Introduction to Quantum-Inspired Representations (QIR) and Machine Learning (ML)

Machine Learning (ML) is having a significant impact in Quantum Chemistry (QC). Various research fields are benefiting from new computational strategies that combine QC and ML, such as molecular electronics, excited states, low-cost discovery of materials, and catalysis. ML models require data to be transformed into a fixed-size representation, usually in the form of a vector where each element represents a specific attribute or feature. In chemistry, the construction of these elements, typically called descriptors, is particularly challenging due to the diversity and complexity of chemical systems and their interactions.

Development of Descriptors in Chemistry

In the last decade, significant efforts have been made to develop reliable descriptors. These can be classified into three different categories. The first one are cheminformatics descriptors based on either string fingerprints or on descriptive properties that are easily obtainable by a priori knowledge such as the number of aromatic rings or the molecular size. The second category comprises descriptors based on three-dimensional structural information, usually supplemented with parameters inherited from classical mechanics. The third category are descriptors that utilize principles of quantum mechanics to represent the molecular systems and hence can be referred to as quantum-informed representations (QIR).

Quantum-Informed Representations (QIR) and Their Advantages

The main advantage of QIR over classical-informed representations (CIR) descriptors is that the former can explicitly encode the electronic state of a system, including its electronic structure, charge, and spin multiplicity. These attributes are necessary to discriminate, for example, radicals from closed-shell molecules or neutral from charged species, particularly when the molecular geometry is not significantly affected and thus CIR does not significantly change.

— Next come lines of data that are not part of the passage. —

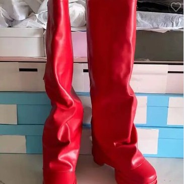 구미 신대외 무역 캔디 컬러 더블 워터 테이블 슈퍼 하이힐 주름 스트레이트 부츠 하이 부츠 공장 직판스토어 가기
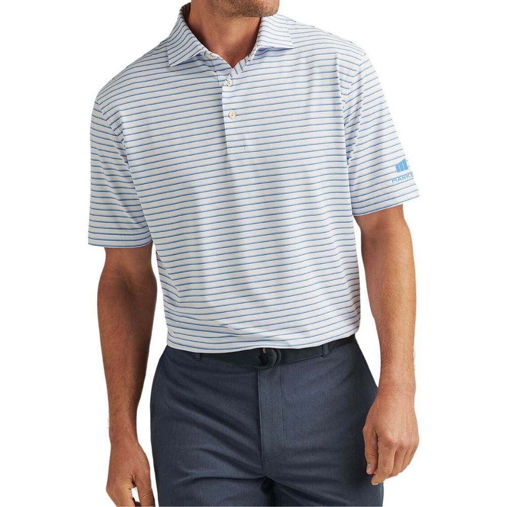 Peter Millar Men's White/Cottage Blue Dunnes Stripe Polo
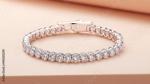 © Creator88, Fototapeta premium Dainty handcrafted tennis bracelet with round diamonds in a teardrop arrangement, isolated on a light peach surface
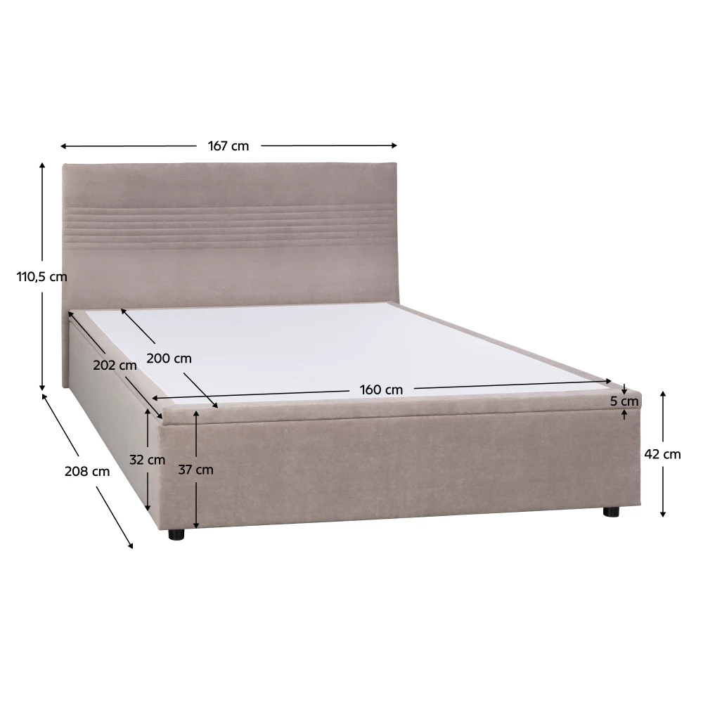 Postel nabízí pohodlnou plochu na spaní 160 × 200 cm a díky úložnému prostoru je skvělou volbou i do menších bytů, kde je potřeba efektivně využít každý centimetr.
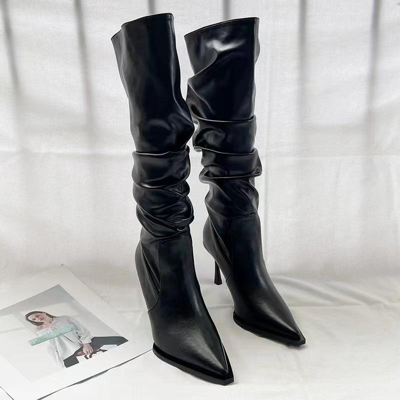 Модные женские сапоги на высоком каблуке, сексуальные сапоги с острым носком и высоким каблуком, кожаные сапоги, модные сапоги до колена для женщин, элегантные туфли для танцевальной вечеринки
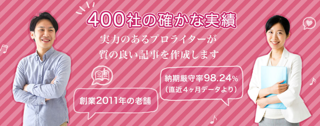 ライター選定から納品まで専任ディレクターが一貫してサポートするため、安定した品質とスムーズな進行が期待できます。

Challenges in Predicting Intermolecular Properties

A common problem for both CIR and QIR approaches when combined with ML models is the prediction of intermolecular properties. The majority of the descriptors emphasize the magnitude of short-range interactions to better capture the local atomic environment. As a result, these representations can underperform in cases where medium or long-range, possibly intermolecular interactions are crucial. This issue can be addressed by decoupling intra and intermolecular interactions in the representation and simply ignoring the former in the construction of the descriptor.

Introduction of Molecular Orbital Decomposition and Aggregation (MODA)

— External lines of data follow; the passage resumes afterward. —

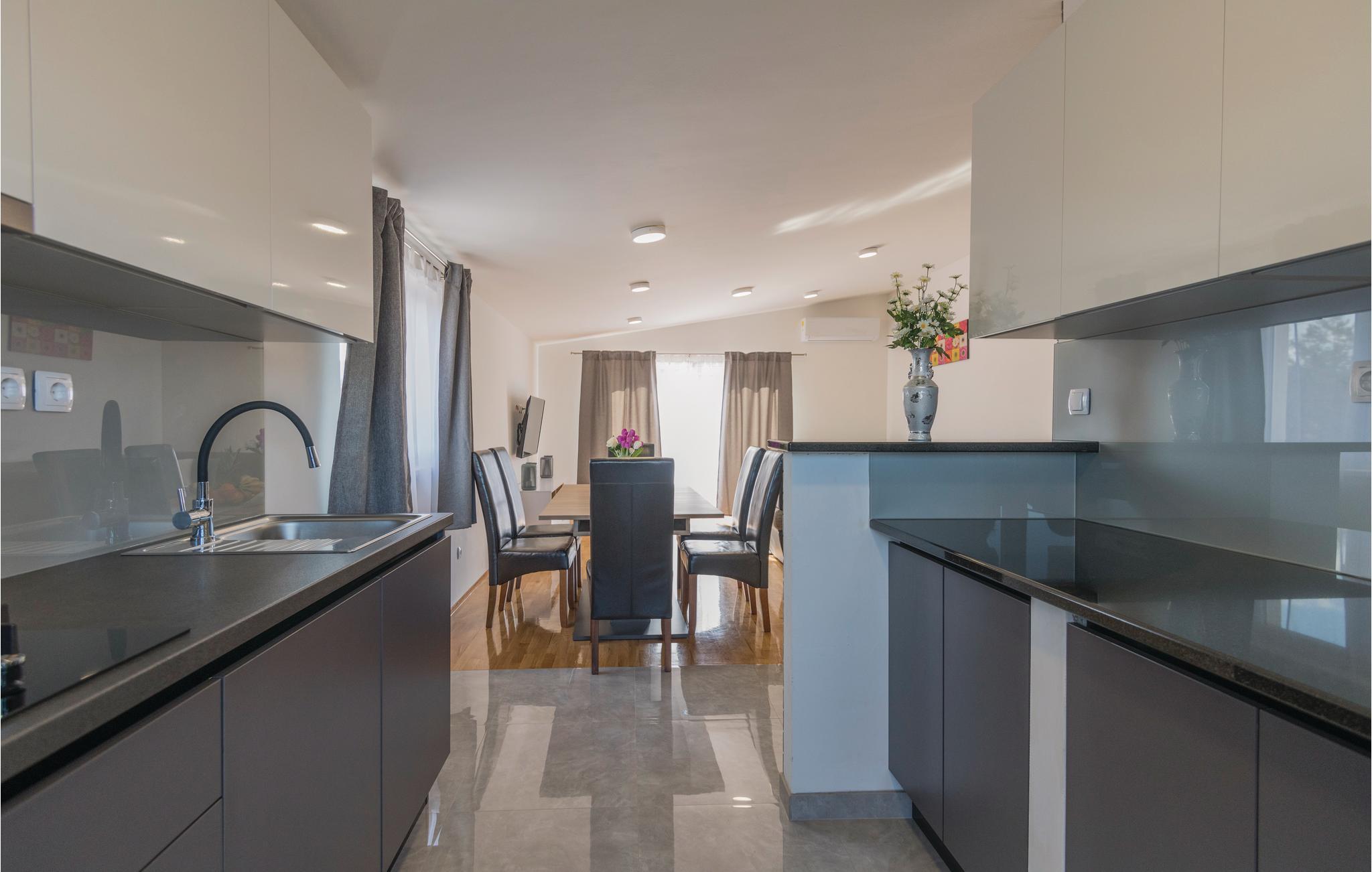 Dette skønne feriehus med privat pool ligger i den lille by Grubine, ikke langt fra Imotski. Huset er fordelt på stueplan, hvor der også er en garage, og en overetage, der nås ad en udendørs trappe. Fra stuen er der udgang til en terrasse, foran hvilken den ugenerte private pool ligger. Desuden er der grill og legeplads til jeres børn. Fra balkonen på nordsiden er der en skøn udsigt over byen Imotski og på de omliggende marker og vinbjerge. Her kan I se den blå og den røde sø og besøge de skønne byer langs Makarskas riviera, fx Baška Voda, Brela og Makarska.
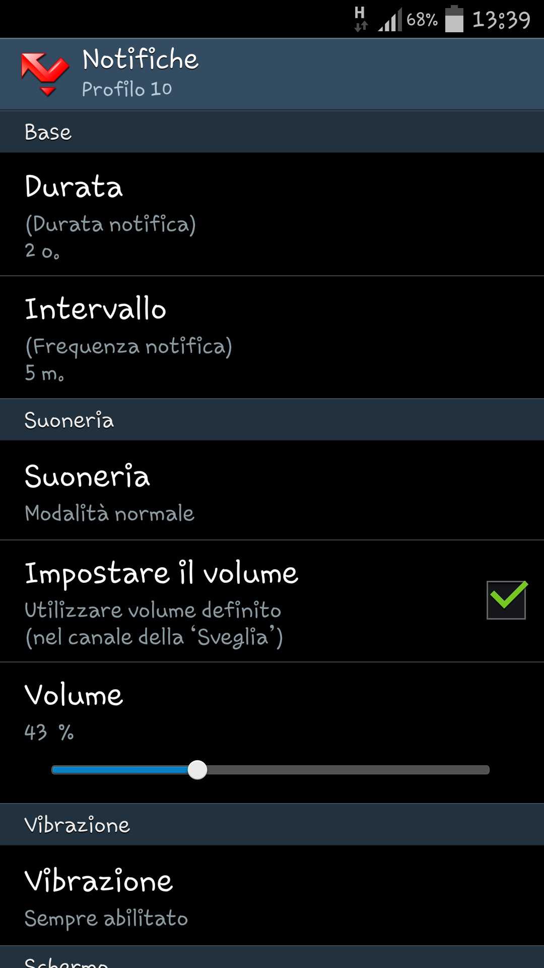 Esaminando ulteriormente la lista di opzioni dei profili troverete la sequenza delle notifiche. Pensate a queste come a dei sotto-profili che vengono eseguiti in progressione. Appena scaduto il primo posticipo (di default dopo 30 secondi), lo schema di notifica viene ripetuto per un certo lasso di tempo, lo stesso vale per lo schema successivo (1 minuto) e così via (5, minuti, 10 minuti). Naturalmente potrete modificare questi schemi a vostro piacimento oppure lasciarli impostati esattamente come sono.
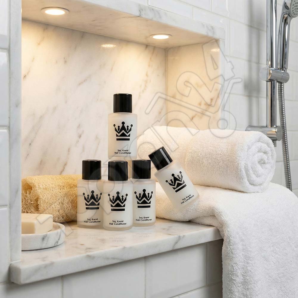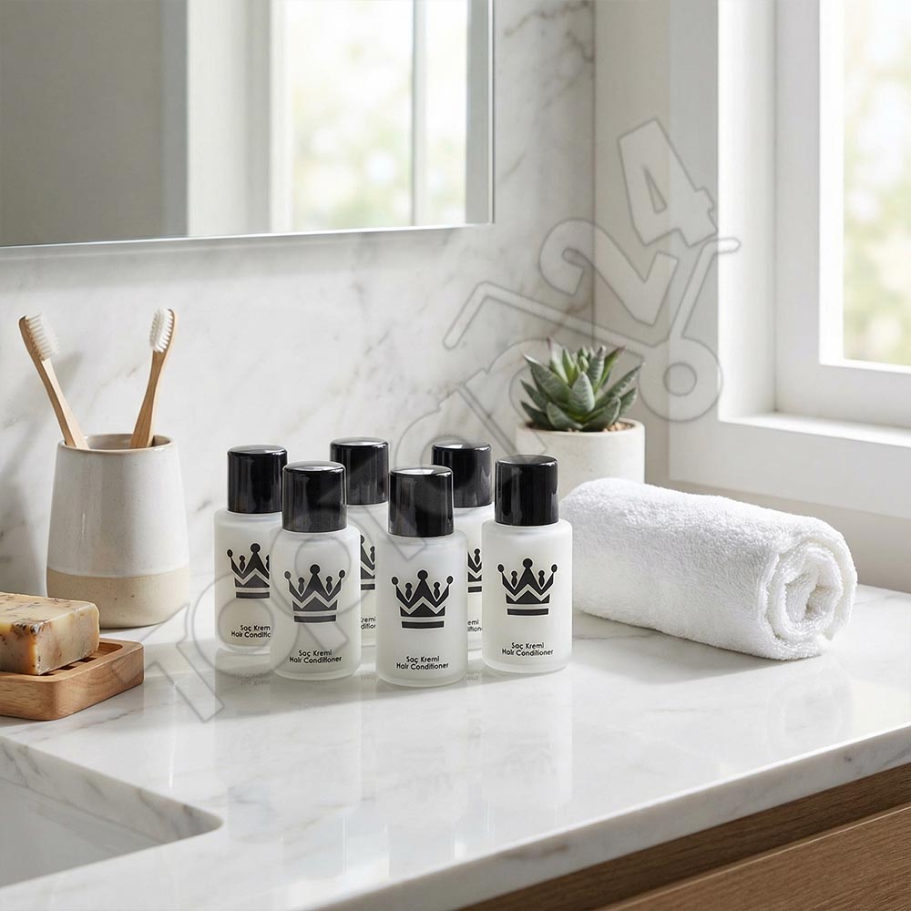 Otel saç kremi 30 ml, konaklama süresince misafirlerin kişisel bakımlarını tamamlamaları için sunulan, mini boy (travel size) kozmetik ürünüdür. Şampuandan sonra kullanılan bu krem, saç tellerini kaplayarak dış etkenlere karşı koruma sağlar. Otel literatüründe “mini saç kremi” olarak da adlandırılan bu ürün, işletmenizin banyo setindeki kalite algısını doğrudan etkileyen bir prestij ürünüdür.

The Molecular Orbital Decomposition and Aggregation (MODA) is introduced as a new QIR descriptor, the first of its kind that allows decoupling strategies. As in Spectrum of Approximated Hamiltonian Matrices (SPA-HM) and Matrix of Orthogonalized Atomic Orbital Coefficients (MAOC), MODA does not require the calculation of self-consistent field (SCF) solutions. Instead, MODA representation can be constructed using well-established guess Hamiltonians, such as the Superposition of Atomic Densities (SAD), the Superposition of Atomic Potentials (SAP), or the extended Huckel method (EH), which are typically starting points in quantum chemistry.

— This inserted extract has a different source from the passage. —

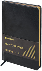 Еженедельник недатированный BRAUBERG Iguana золотой срез, А5 (145х215 мм), 64 листа, черный

The article titled “Unlocking the Predictive Power of Quantum-Inspired Representations for Intermolecular Properties in Machine Learning” was published on January 1, 2024, in the journal Digital Discovery. The authors of the study are Raul Santiago Piera, Sergi Vela, Mercè Deumal, and Jordi Ribas‐Ariño. The research explores the potential of quantum-inspired representations in predicting intermolecular properties within the field of machine learning. The DOI reference for the article is https://doi.org/10.1039/d3dd00187c.